Mother Goose, Episode 1 - Toronto the Gay

Episode Summary

In this episode, our main character, Garrett, who has just moved to Toronto, is looking for a gay bar. This episode will deal primarily with the way the “closet,” was imposed on queer people in Toronto in the 1950s. During the Cold War, the RCMP started investigating and keeping files on civil servants who were suspected of being gay. By the end of the 1960, they’d have compiled some 9,000 files on suspects with what they called a “character weakness.” Often, authorities got information by going undercover in bars, so the quest to find a gay bar was a complicated endeavour.

Episode Notes

For further reading on this subject matter, you might want to read Rick Bebout’s Promiscuous Affections, The Canadian War on Queers by Patrizia Gentile and Gary Kinsman. For more on settler colonialism and the policing of sexuality, Scott L. Morgensen’s Spaces Between Us: Queer Settler Colonialism and Indigenous Decolonization is a good read. 

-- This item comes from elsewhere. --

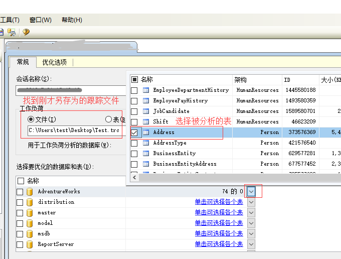 在选择要优化的数据库和表中,我们单独找到需要被分析的表Address

Interviews such as the one with Don Franco are available through the Foolscap Project at the Arquives, which also has many of the tabloid newspapers used for this story. And, for anyone who wishes to learn more about the history of drinking in Canada, we highly recommend Booze: A Distilled History by Craig Heron, who we also want to thank for his tremendous help with this project. It would never have happened without his support.